Du pur bonheur pour les cinéphiles. Et en sus l’excitation de trouver (ou non), par eux-mêmes, les films, quand même plus ou moins connus, reconnaissables, dont M+M (Martin de Mattia et notre compatriote Marc Weis) ont extrait telles scènes pour leurs installations vidéographiques. Elles ont trouvé le chemin de l’institution consacrée aux arts plastiques, et ce n’est pas seulement là une preuve de plus de la perméabilité des disciplines ; ces vidéos panoramiques, si elles ont la perfection technique propre des professionnels du septième art, regorgent d’invention, d’originalité, et sans doute chose plus importante encore, elles nous en disent long, font réfléchir longuement, sur les relations humaines.
Au commencement donc, telles scènes de films, dans l’ordre de la semaine en partant du lundi, de Kubrick, de Leconte, de Lelouch, de Cavani, d’Argento, de Badham, et on finit le dimanche avec Jean-Luc Godard. Des scènes où des hommes, des personnes, se rencontrent (ou imaginent leur rencontre, comme le personnage d’Un homme et une femme, à bord de la voiture pour rejoindre sa maîtresse). M+M font du décalque, empruntent, pour aussitôt détourner. Leur tour de passe-passe d’artistes, tour d’adresse et bien plus, c’est le décalage. Et il est double, non seulement par rapport au film d’origine ; il en est un autre, et c’est lui qui saisit le plus le spectateur, décalage entre les deux projections juxtaposées, quasi jumelles.

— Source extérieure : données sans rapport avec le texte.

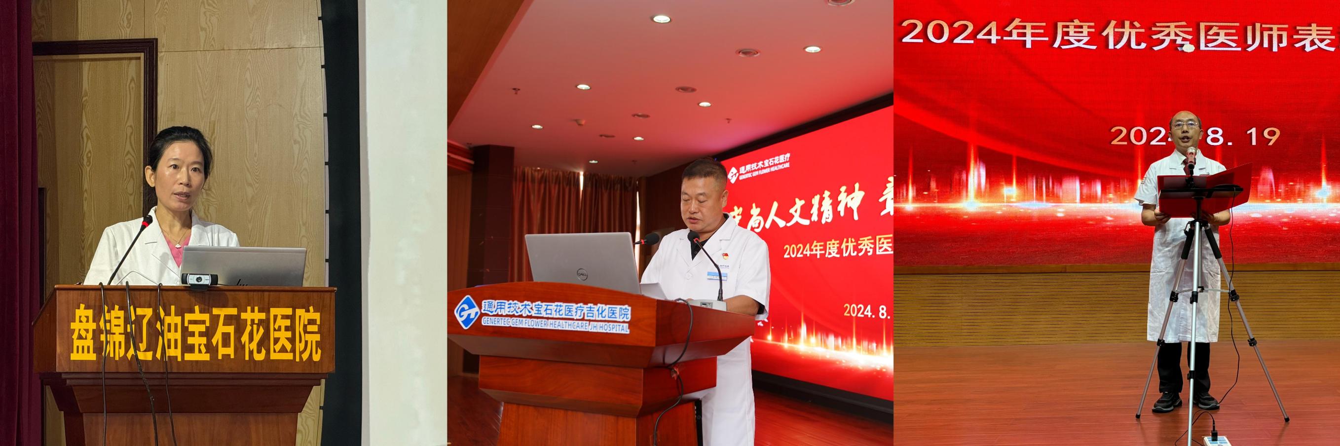 会上,盘锦辽油宝石花医院放射线科李维医生,吉林市化工医院药剂科韩波主任,四川宝石花医院医院副院长、大外科主任、泌尿外科主任董永超等3位“优秀医师”代表分别进行了发言。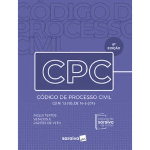 Data de fechamento: 24-11-2023 A Editora Saraiva, líder no mercado de livros jurídicos e sempre atenta às necessidades dos profissionais e interessados neste meio, apresenta a nova edição da obra CPC Legislação Saraiva de Bolso .Esta obra é composta pela Lei n. 13.105, de 16-3-2015 (Código de Processo Civil), sem notas editoriais, para rápida consulta no dia a dia. Seu formato de bolso garante praticidade e portabilidade, tudo com a tradição e a qualidade Saraiva Educação. Últimas atualizações no texto do CPC: - Lei n. 14.713, de30-10-2023 (art. 699-A Ações de Guarda em caso de violência doméstica ou familiar) - Lei n. 14.711, de 30-10-2023(art. 784 Contrato de contra garantia) - Lei n. 14.620, de 13-7-2023 (art. 784 Assinatura de títulos executivos eletrônicos)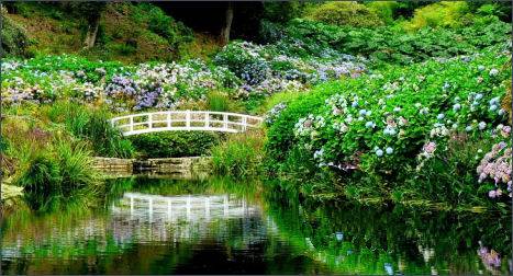 Subtropical trees and shrubs such as Japanese locquat, weeping Mexican cypress and a weeping swamp cypress grow amongst open glades carpeted with colourful wild flowers. Glendurgan contains various species of such favourites as rhododendron, azaleas, magnolias, camellias and hydrangeas, as well as persimmon, oleasters and aloes. Giant rhubarb plants flourish in the jungle-like lower valley while spiky arid plants bask on the sunny upper slopes.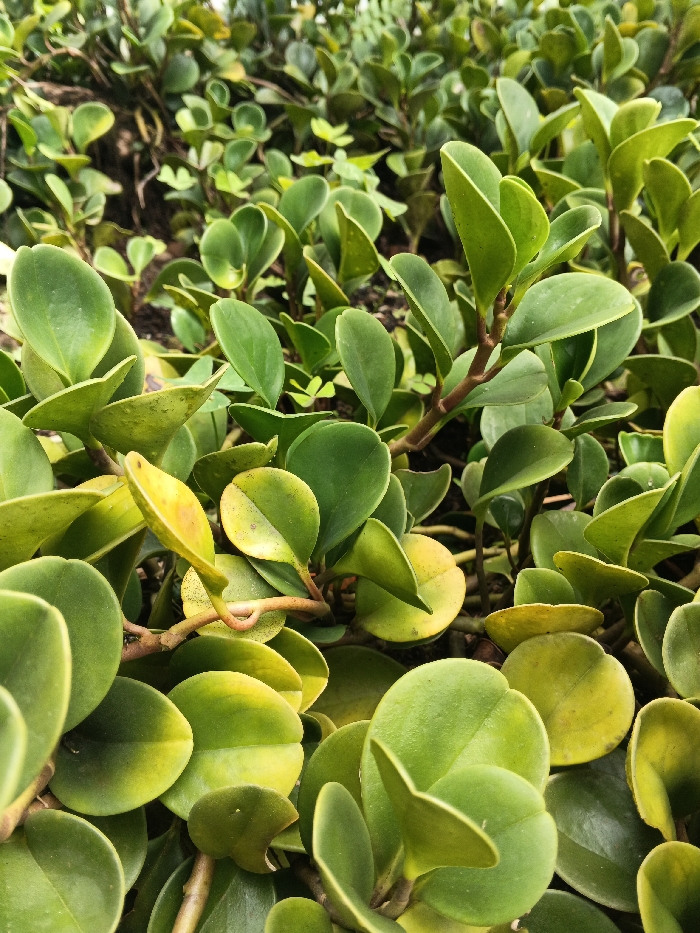 A dense cluster of oval, waxy leaves dominates the image. The leaves range in color from vibrant green to a yellow-green hue, particularly on the older leaves at the bottom. Brown stems weave through the foliage. The leaves are tightly packed and create a lush, textured appearance. The background shows more leaves, blurring further into the distance.

Point de repère d’une vidéo à l’autre, le même protagoniste, le même acteur, l’excellent Christophe Luser, fil rouge également au long du parcours hebdomadaire. Pour le reste, la scène a beau être la même, tout bascule, tout chavire, il suffit de peu de chose, d’un léger écart, pour nous faire perdre le sol sous les pieds. Et la synchronie, accentuée par les cadrages resserrés, par les dialogues, ne fait qu’ajouter à la perturbation bienvenue.
Ainsi, l’homme est en face d’une femme, se fait d’un coup père face à sa fille ; le client se fait raser tout à tour par une coiffeuse avenante et un homme beaucoup moins engageant ; dans sa voiture, en route vers sa maîtresse, le chauffeur est travaillé tantôt par le désir tantôt par la jalousie ; devant les membres d’un conseil d’administration, le (saint) François moderne se déclare à André Jung ou à Sybille Canonica ; un intrus va égorger une femme d’un certain âge, une autre, plus jeune, qui sortent du bain ; saturday night fever, danse avec une jeune femme, et mêmes attitudes, dialogues identiques, avec un homme ; enfin, un homme et une femme au lit, le matin, on se rappelle Brigitte Bardot, dans le Mépris, à côté un père et sa fille.
Des lieux clos, plus ou moins, jusqu’à l’enfermement dans l’habitacle d’une voiture, et cette présence de l’autre qui dérange, qui démasque. L’autre, tel philosophe y voyait l’enfer, ailleurs, on dirait une sorte de promesse, et il serait osé sans doute de parler de paradis. En tout cas, M+M nous font vivre, dans une tension qui suinte des écrans, ce qui peut se passer, dans un sens ou l’autre, entre les êtres. À deux, et au-delà, si je prends la scène du jeudi, avec François qui renonce à ses biens, les baies de la salle du conseil largement ouvertes sur la ville, en l’occurrence les écrans du Casino donnent sur le bâtiment de la Caisse d’épargne.
Toujours au premier étage, comme en, contrepoint à tant d’images, dans un conteneur en bois, rien que la voix, en allemand, de Jörg Pleva, déclamant sans arrêter la phrase attribuée à Jack Torrance (personnage de The Shining, roman de Stephen King), Jack Nicholson, dans le film de Stanley Kubrick : « Was Du heute kannst besorgen, das verschiebe nicht auf morgen. » M+M, séjournant à la villa Massimo à Rome, ont voulu avoir mis la main sur les manuscrits de Jack Torrance, champion de la répétition ; ils ont publié le texte, un livre fait de sa monotone redondance.
On pourrait, à l’image du coucou, taxer M+M de parasitisme. Ils se glissent dans les films d’autrui, ailleurs, dans telles conventions, tels accords ou règles de conduite. C’est pour mieux les interroger et, le cas échéant, les faire imploser. Le côté ludique de leur travail, pour notre plus grand plaisir ; et bien plus, une façon acérée de nous confronter à nous-mêmes, au monde qui nous entoure.